Set down, exactly as written, the lines from the line holding "부드러운 식빵에 포갠 간단한 샌드위치." to the end of the data, inclusive, skipping any pictures.

- [Supplied material]
#####
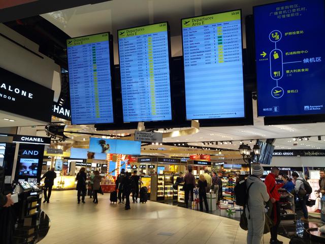 ↑ 出発ターミナル3(T3)です。ご利用になるターミナルは、航空会社により異なります。フィウミチーノ空港では、時々ターミナルの利用航空会社の見直しがされることがあります。巷のネット上のインフォメーションは古いことも多々ありますので、情報を鵜呑みにせず、空港に到着されてからご自身でモニターでご利用になるターミナル番号をご確認下さい。各ターミナルは繋がっており、徒歩で簡単に移動出来ますので、もし間違ったターミナルに行ってしまってもご心配はいりません。
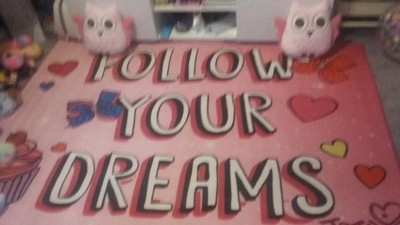 Inspiring her fans to find the courage and confirdence to follow their heart and chase thir dreams is Jojo Siwa's goal. Let your young fan be inspired by this message every day with the Jojo Siwa "Follw Your Dreams" jumbo rug. Measuring 4'6"x6'6" it is perfect for any room including the den, family room or bedroom. Digitally printed for exceptional design detail and color, this will be a favorite decor item for your Jojo Siwa fan.
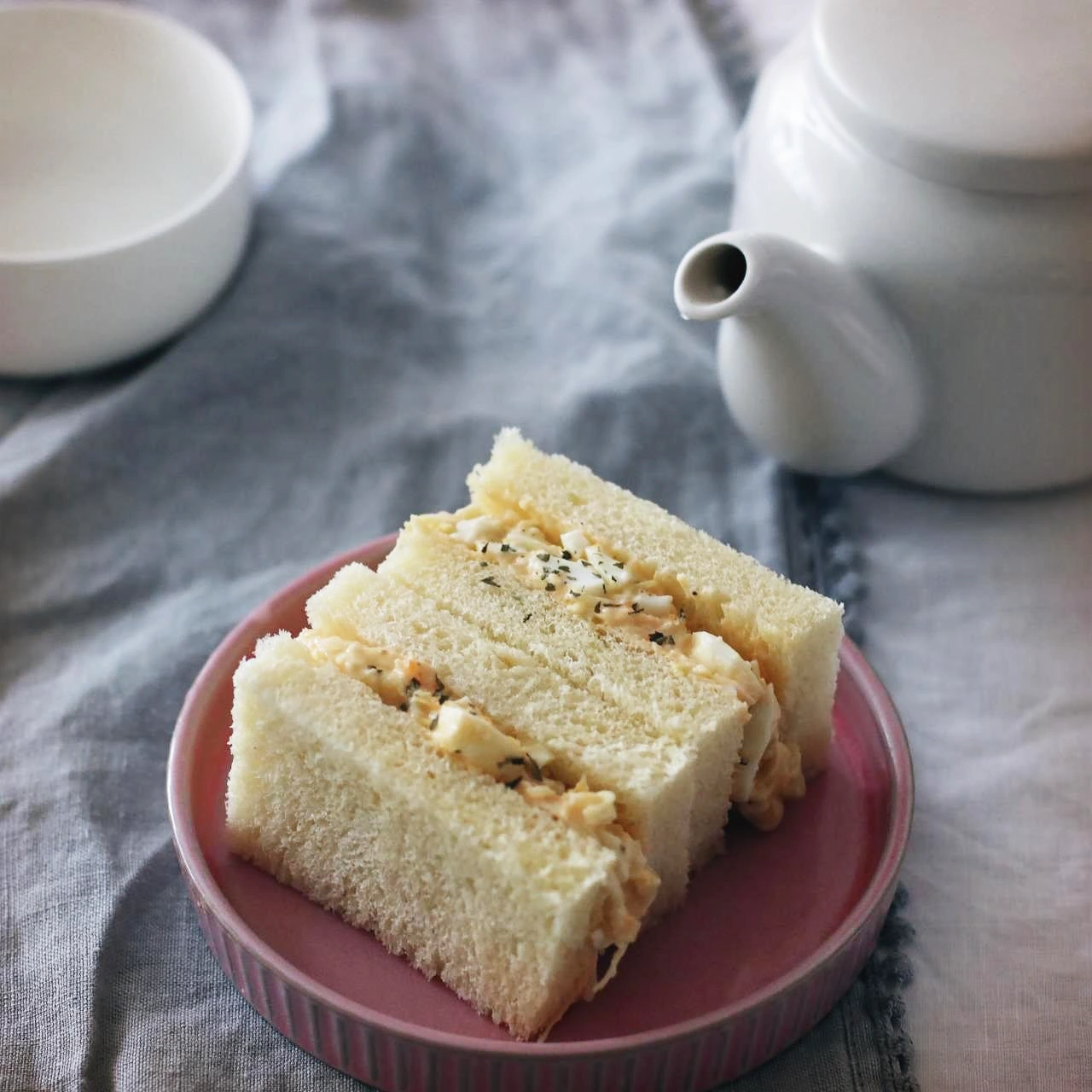부드러운 식빵에 포갠 간단한 샌드위치.
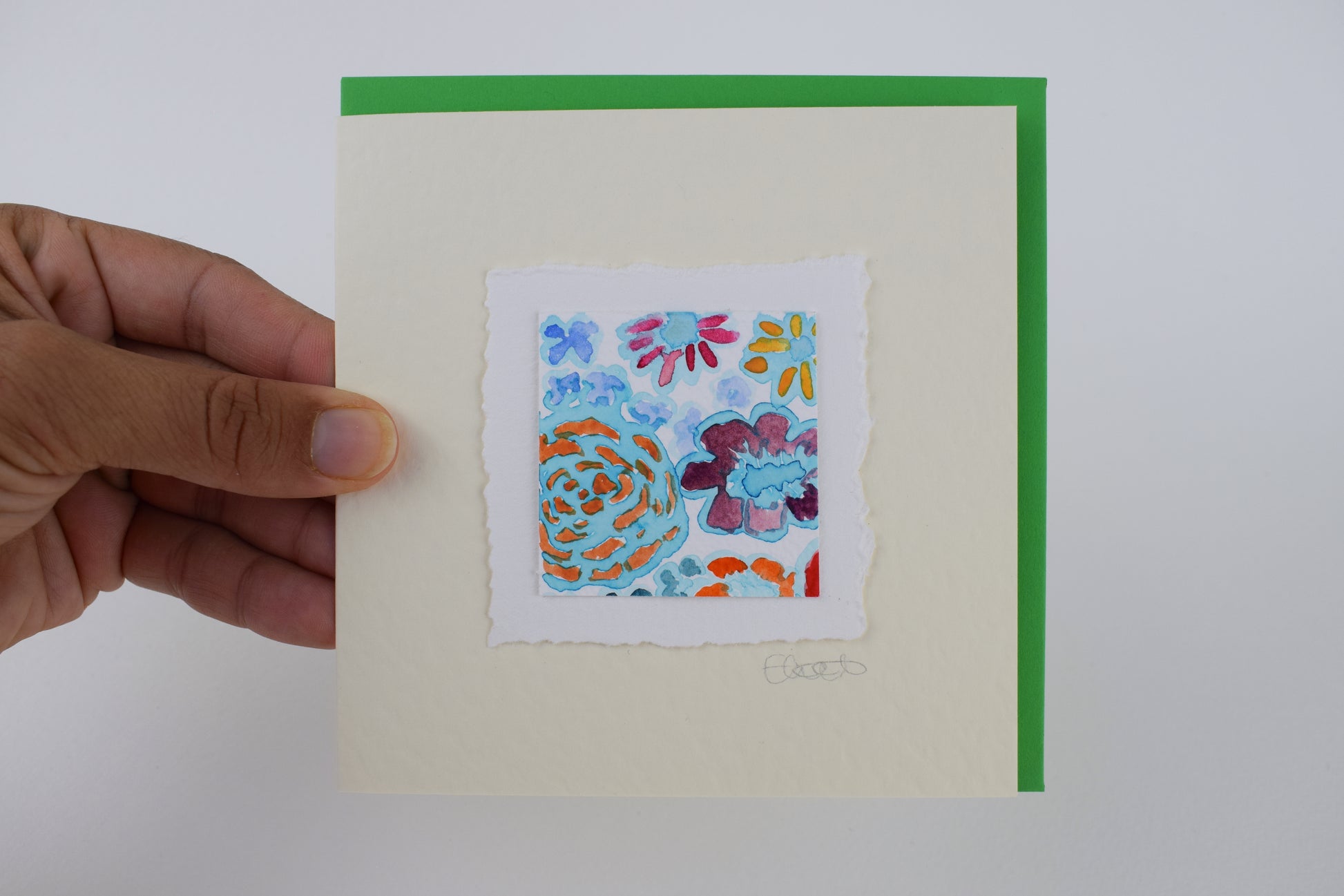 Every piece is created on high-quality 360gsm watercolour paper, then carefully mounted onto a luxurious 300gsm ivory hammered card. The result is a beautiful blend of texture, colour, and craftsmanship — perfect for sending a heartfelt message or keeping as a unique piece of art.
#####
- [Expected answer]
부드러운 식빵에 포갠 간단한 샌드위치.
 Every piece is created on high-quality 360gsm watercolour paper, then carefully mounted onto a luxurious 300gsm ivory hammered card. The result is a beautiful blend of texture, colour, and craftsmanship — perfect for sending a heartfelt message or keeping as a unique piece of art.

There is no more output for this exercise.